+++ SUPPLIED DATA +++
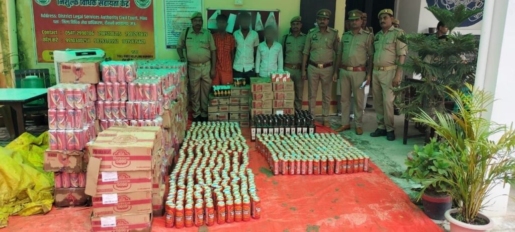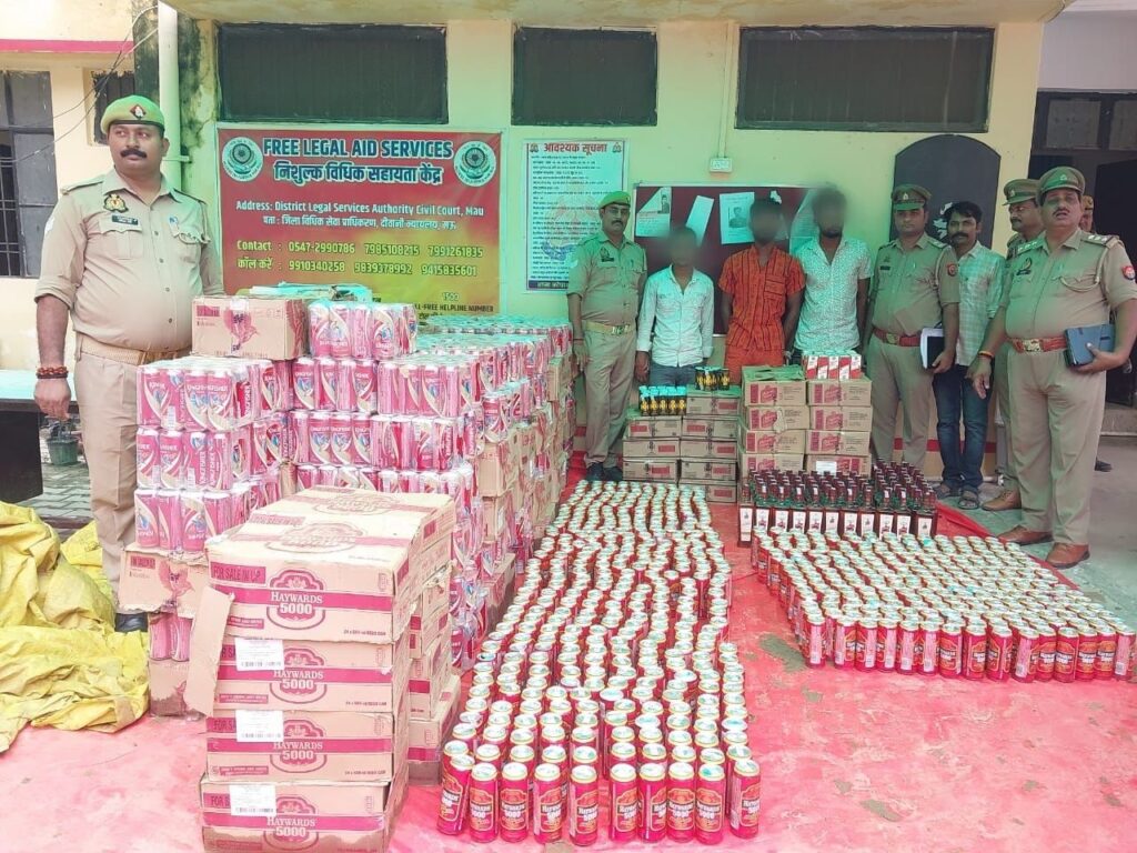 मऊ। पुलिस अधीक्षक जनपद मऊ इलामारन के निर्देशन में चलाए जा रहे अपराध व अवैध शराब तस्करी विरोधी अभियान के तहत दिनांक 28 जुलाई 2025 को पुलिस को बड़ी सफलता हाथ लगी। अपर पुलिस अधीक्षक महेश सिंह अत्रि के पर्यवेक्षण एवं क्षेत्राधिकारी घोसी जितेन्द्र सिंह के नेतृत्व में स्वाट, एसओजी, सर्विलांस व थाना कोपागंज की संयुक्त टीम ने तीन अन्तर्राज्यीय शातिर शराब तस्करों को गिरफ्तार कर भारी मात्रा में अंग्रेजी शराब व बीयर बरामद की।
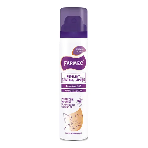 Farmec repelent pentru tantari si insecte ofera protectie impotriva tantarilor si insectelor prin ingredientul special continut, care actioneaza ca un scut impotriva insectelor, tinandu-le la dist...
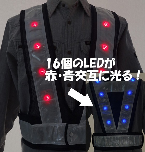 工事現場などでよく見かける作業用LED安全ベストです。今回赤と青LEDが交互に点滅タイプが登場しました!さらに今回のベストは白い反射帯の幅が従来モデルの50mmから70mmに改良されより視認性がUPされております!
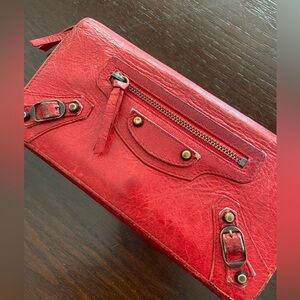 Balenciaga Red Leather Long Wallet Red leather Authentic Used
+++
WORK INSTRUCTION: Within the listing above, find the line containing "工事現場などでよく見かける作", then print it and every line after it exactly, leaving out pictures.

TASK RESULT:
 工事現場などでよく見かける作業用LED安全ベストです。今回赤と青LEDが交互に点滅タイプが登場しました!さらに今回のベストは白い反射帯の幅が従来モデルの50mmから70mmに改良されより視認性がUPされております!
 Balenciaga Red Leather Long Wallet Red leather Authentic Used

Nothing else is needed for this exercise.